The period following an in vitro fertilization (IVF) embryo transfer culminates in the first pregnancy blood test, commonly called the “beta test.” This test is formally known as the quantitative human chorionic gonadotropin (hCG) blood test. It precisely measures the concentration of hCG, the pregnancy hormone produced by cells that will eventually form the placenta. The initial blood draw determines if the embryo has successfully implanted in the uterine lining.
The Initial Beta Test
The first beta test is typically scheduled between nine and fourteen days following the embryo transfer. This window allows enough time for the developing placenta to produce a detectable amount of the hormone hCG in the maternal bloodstream. The result is reported as a numerical value, measured in milli-international units per milliliter (mIU/mL).
A result less than 5 mIU/mL is generally considered negative for pregnancy. While a result greater than 5 mIU/mL confirms the presence of the hormone, most specialists prefer a level greater than 25 mIU/mL to confidently consider the test positive. This single number only confirms that implantation has occurred and does not confirm a viable, ongoing pregnancy.
Subsequent Testing and Doubling Time
To determine if the pregnancy is progressing normally, multiple beta tests are required over a short period. Most clinics mandate at least two, and often three, sequential blood draws scheduled every 48 to 72 hours after the initial measurement. The trend of the hCG level is significantly more informative than the initial number alone.
The primary concept guiding subsequent testing is the “doubling time” of the hCG level. In a healthy, early pregnancy, the hormone concentration is expected to approximately double every two to three days. This rapid rise reflects the appropriate development and growth of the placental tissue. Observing this doubling pattern across three separate tests provides strong evidence that the embryo is developing as expected.

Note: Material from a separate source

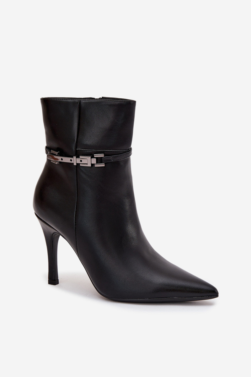 Dámské kotníkové boty na podpatku s páskem a vyhřívané černé model 21710807 - Boto

Understanding the Numerical Results
Interpreting the sequential beta tests involves analyzing both the absolute numerical values and the rate at which they increase. A clear positive result is characterized by a high initial number followed by consistent doubling within the 48-to-72-hour window. For example, an initial reading of 100 mIU/mL that rises to 200–300 mIU/mL two days later suggests a strong probability of a healthy, progressing pregnancy.

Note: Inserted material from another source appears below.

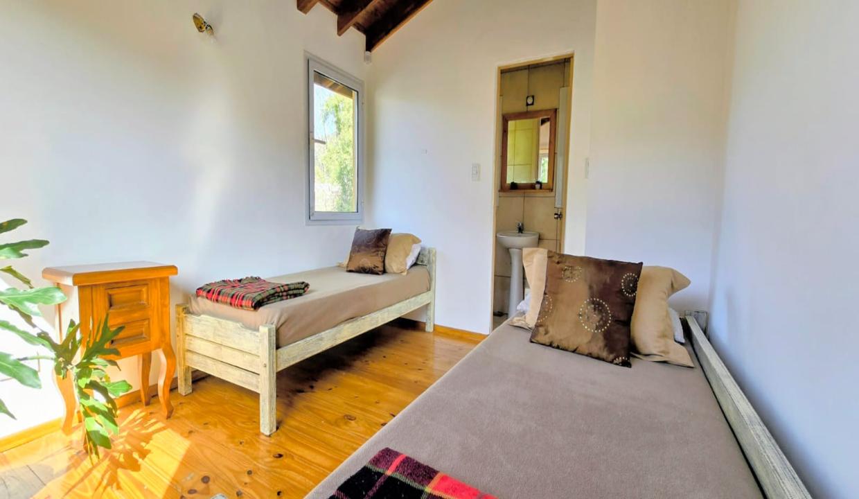 Planta alta: una segunda habitación con baño en suite, equipada con cama carrito (una arriba y otra abajo) y otra cama individual.

A low initial result, such as one just above the 5 mIU/mL threshold, is considered a borderline positive. While these pregnancies can sometimes progress successfully, they warrant heightened monitoring, as a lower starting point can be a consequence of delayed implantation. A slow doubling rate (less than 35% increase over 48 hours) is a marker for potential complications, including a non-viable pregnancy, ectopic pregnancy, or miscarriage.

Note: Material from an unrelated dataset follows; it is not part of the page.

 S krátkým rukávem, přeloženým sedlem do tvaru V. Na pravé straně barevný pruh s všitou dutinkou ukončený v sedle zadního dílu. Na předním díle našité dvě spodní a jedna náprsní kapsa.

A result that declines or fails to progress after an initial positive reading often points to a “chemical pregnancy.” This describes a very early pregnancy loss where the embryo implanted just long enough to produce a detectable hCG level before development ceased. Follow-up beta tests show the hormone level decreasing or returning to zero. This numerical data helps the physician distinguish between a viable pregnancy and one requiring further assessment.
What Follows the Beta Phase
Once the sequential beta tests have demonstrated an appropriate and sustained doubling rate, the monitoring transitions from blood work to clinical imaging. Typically, after three or four successful beta measurements, the patient is scheduled for the first transvaginal ultrasound. This initial ultrasound is usually performed around six to seven weeks of gestation.
The purpose of this first imaging session is to confirm the location of the gestational sac within the uterus, ruling out an ectopic pregnancy. Clinicians also look for the presence of a fetal pole and a fetal heartbeat, which is the definitive marker for a viable pregnancy. Once viability is confirmed, continued hCG blood testing ceases. The patient is then discharged from the fertility clinic and transitions to a standard obstetrician around eight to ten weeks of gestation for routine prenatal care.